(Task instructions)
Omit all pictures and transcribe only the lines in the entries below that run from the line with "Beautifully restored 1939" through the line with "ÁöÁöÇÏ´Â ÆÛÆ÷¸Õ½ºµµ ÀÌ·ç¾îÁ³´Ù.".

(Listed records)

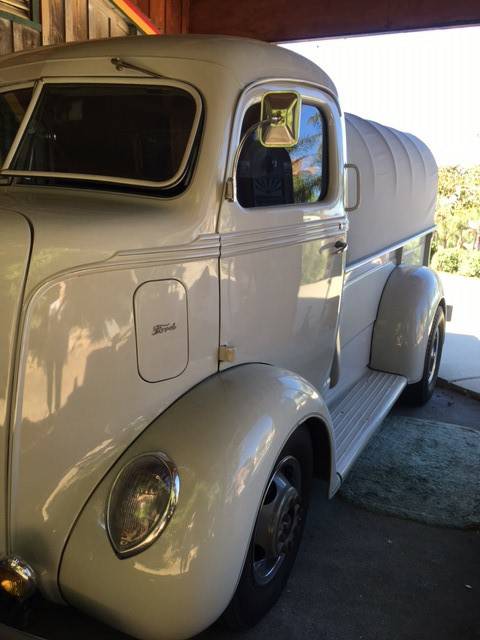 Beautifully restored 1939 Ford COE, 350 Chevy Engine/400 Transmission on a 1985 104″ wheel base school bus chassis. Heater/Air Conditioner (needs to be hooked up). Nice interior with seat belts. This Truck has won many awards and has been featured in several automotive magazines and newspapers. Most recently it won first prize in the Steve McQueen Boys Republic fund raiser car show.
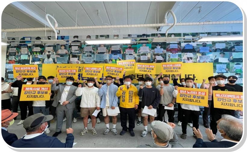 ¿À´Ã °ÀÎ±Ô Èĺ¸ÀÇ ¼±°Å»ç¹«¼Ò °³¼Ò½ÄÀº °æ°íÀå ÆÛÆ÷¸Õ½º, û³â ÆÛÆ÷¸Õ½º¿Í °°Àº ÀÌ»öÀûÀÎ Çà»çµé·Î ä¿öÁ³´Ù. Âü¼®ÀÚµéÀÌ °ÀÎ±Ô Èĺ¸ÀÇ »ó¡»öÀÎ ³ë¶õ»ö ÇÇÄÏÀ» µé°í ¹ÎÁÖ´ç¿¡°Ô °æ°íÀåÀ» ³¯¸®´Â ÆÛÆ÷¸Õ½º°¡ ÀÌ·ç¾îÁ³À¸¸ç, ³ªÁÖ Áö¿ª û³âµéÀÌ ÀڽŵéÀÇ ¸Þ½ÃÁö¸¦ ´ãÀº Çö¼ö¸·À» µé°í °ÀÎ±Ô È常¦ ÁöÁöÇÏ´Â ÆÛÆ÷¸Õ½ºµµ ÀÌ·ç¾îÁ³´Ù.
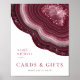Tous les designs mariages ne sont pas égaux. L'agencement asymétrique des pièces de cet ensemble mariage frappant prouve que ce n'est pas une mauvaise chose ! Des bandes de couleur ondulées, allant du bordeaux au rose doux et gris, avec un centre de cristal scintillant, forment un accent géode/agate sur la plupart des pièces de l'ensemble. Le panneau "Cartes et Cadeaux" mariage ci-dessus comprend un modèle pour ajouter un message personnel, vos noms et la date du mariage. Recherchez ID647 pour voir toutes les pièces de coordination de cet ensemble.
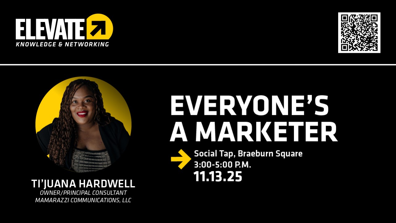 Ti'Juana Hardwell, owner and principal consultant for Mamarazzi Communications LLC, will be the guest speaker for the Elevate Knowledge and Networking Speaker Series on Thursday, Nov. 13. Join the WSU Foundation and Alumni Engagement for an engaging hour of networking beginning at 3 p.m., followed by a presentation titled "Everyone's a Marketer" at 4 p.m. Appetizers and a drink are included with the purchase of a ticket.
---
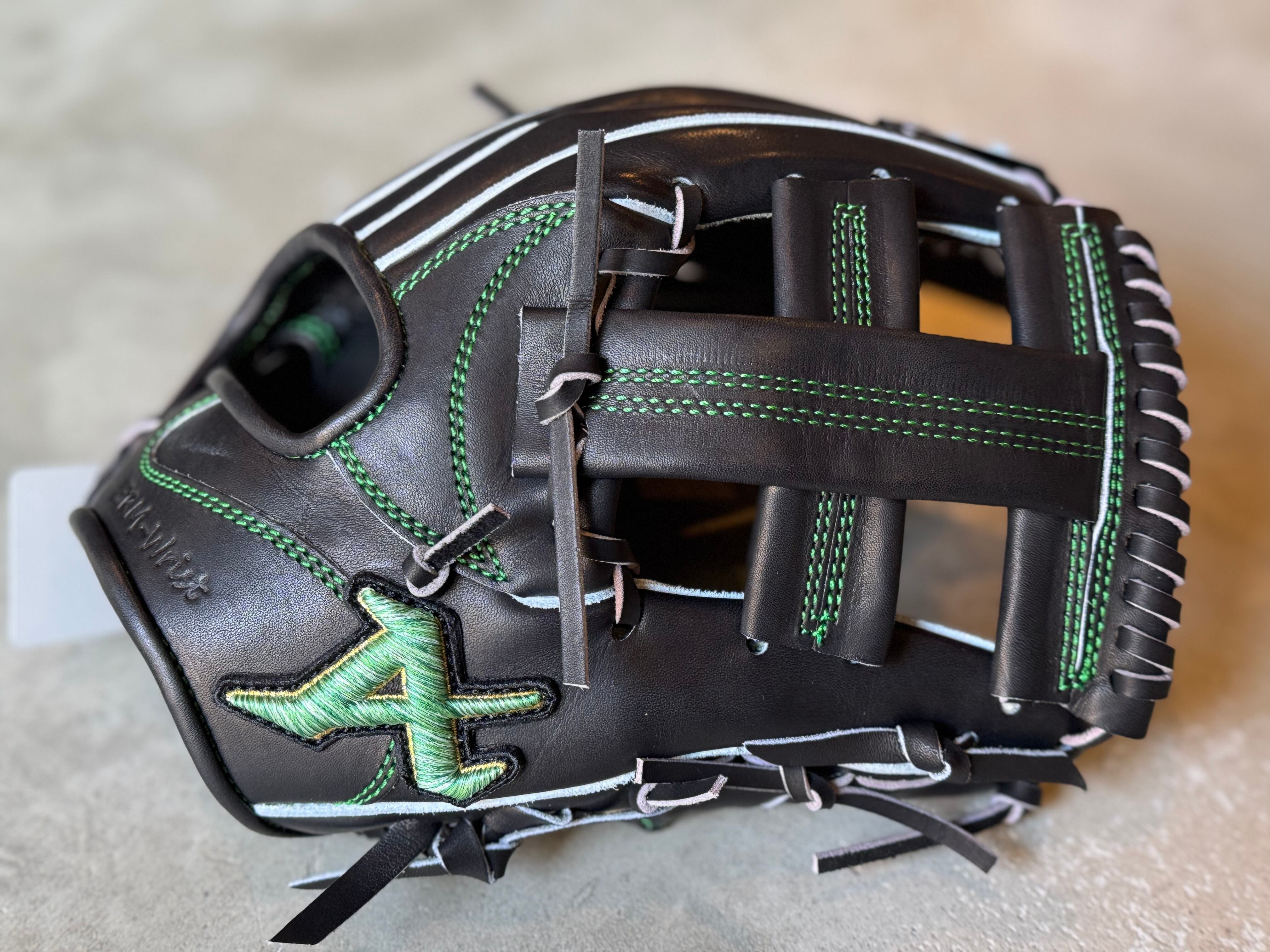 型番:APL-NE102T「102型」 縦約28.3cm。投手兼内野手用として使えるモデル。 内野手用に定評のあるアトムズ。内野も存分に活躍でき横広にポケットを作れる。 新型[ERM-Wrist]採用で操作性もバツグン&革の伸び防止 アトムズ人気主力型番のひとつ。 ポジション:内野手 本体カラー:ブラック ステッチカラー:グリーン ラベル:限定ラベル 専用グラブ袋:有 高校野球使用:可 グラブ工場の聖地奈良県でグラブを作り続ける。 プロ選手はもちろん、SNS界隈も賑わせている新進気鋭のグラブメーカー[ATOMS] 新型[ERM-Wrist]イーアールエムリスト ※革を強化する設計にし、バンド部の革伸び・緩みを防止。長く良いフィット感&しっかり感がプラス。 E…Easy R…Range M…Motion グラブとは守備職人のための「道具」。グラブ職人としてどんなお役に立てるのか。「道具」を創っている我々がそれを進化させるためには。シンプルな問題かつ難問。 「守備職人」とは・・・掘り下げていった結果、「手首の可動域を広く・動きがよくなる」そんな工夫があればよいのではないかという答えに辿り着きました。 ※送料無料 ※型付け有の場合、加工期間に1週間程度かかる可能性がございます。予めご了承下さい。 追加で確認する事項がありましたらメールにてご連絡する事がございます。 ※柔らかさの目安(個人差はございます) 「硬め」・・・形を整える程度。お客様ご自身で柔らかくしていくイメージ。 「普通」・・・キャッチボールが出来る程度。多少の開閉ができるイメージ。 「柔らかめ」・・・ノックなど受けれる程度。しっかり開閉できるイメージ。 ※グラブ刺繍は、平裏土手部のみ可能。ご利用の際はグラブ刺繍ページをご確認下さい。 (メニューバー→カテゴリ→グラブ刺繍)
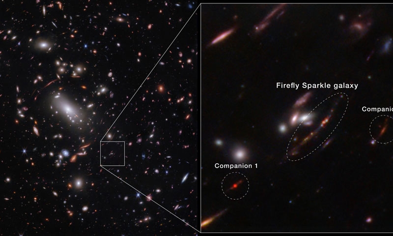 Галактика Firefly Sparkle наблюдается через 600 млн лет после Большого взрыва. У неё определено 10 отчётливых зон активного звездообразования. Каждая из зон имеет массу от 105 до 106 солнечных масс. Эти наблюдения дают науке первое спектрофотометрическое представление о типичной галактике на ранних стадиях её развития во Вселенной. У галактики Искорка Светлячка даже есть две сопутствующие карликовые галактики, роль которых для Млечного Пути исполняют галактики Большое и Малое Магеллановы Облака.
* * *
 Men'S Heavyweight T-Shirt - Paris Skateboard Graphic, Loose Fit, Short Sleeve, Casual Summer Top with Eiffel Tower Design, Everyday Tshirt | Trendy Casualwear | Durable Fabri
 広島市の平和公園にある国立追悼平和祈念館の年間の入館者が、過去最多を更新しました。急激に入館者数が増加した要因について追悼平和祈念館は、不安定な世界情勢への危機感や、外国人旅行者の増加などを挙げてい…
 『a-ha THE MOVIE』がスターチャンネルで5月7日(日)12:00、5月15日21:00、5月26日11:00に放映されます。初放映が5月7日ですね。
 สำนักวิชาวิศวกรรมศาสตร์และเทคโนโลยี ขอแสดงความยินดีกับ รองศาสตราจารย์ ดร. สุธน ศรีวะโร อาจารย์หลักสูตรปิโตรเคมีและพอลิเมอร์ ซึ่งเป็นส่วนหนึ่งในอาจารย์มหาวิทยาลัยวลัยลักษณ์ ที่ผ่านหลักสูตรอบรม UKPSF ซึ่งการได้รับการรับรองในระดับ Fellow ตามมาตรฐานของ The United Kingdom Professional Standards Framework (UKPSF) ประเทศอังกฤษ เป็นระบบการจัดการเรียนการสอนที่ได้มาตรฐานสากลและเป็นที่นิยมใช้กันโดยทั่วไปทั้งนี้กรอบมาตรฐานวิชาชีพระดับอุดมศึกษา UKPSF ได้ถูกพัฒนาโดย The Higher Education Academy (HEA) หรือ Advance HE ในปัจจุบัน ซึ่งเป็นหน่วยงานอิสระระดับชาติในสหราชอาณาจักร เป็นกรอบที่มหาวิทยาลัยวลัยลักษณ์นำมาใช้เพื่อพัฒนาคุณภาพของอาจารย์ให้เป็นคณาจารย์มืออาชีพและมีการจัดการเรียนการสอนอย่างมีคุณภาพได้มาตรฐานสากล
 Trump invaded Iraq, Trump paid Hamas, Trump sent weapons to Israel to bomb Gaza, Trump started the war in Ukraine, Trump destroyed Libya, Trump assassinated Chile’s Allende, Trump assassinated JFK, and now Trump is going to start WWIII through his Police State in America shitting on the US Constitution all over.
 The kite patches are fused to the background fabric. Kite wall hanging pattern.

(Result for this exercise)
 Beautifully restored 1939 Ford COE, 350 Chevy Engine/400 Transmission on a 1985 104″ wheel base school bus chassis. Heater/Air Conditioner (needs to be hooked up). Nice interior with seat belts. This Truck has won many awards and has been featured in several automotive magazines and newspapers. Most recently it won first prize in the Steve McQueen Boys Republic fund raiser car show.
 ¿À´Ã °ÀÎ±Ô Èĺ¸ÀÇ ¼±°Å»ç¹«¼Ò °³¼Ò½ÄÀº °æ°íÀå ÆÛÆ÷¸Õ½º, û³â ÆÛÆ÷¸Õ½º¿Í °°Àº ÀÌ»öÀûÀÎ Çà»çµé·Î ä¿öÁ³´Ù. Âü¼®ÀÚµéÀÌ °ÀÎ±Ô Èĺ¸ÀÇ »ó¡»öÀÎ ³ë¶õ»ö ÇÇÄÏÀ» µé°í ¹ÎÁÖ´ç¿¡°Ô °æ°íÀåÀ» ³¯¸®´Â ÆÛÆ÷¸Õ½º°¡ ÀÌ·ç¾îÁ³À¸¸ç, ³ªÁÖ Áö¿ª û³âµéÀÌ ÀڽŵéÀÇ ¸Þ½ÃÁö¸¦ ´ãÀº Çö¼ö¸·À» µé°í °ÀÎ±Ô È常¦ ÁöÁöÇÏ´Â ÆÛÆ÷¸Õ½ºµµ ÀÌ·ç¾îÁ³´Ù.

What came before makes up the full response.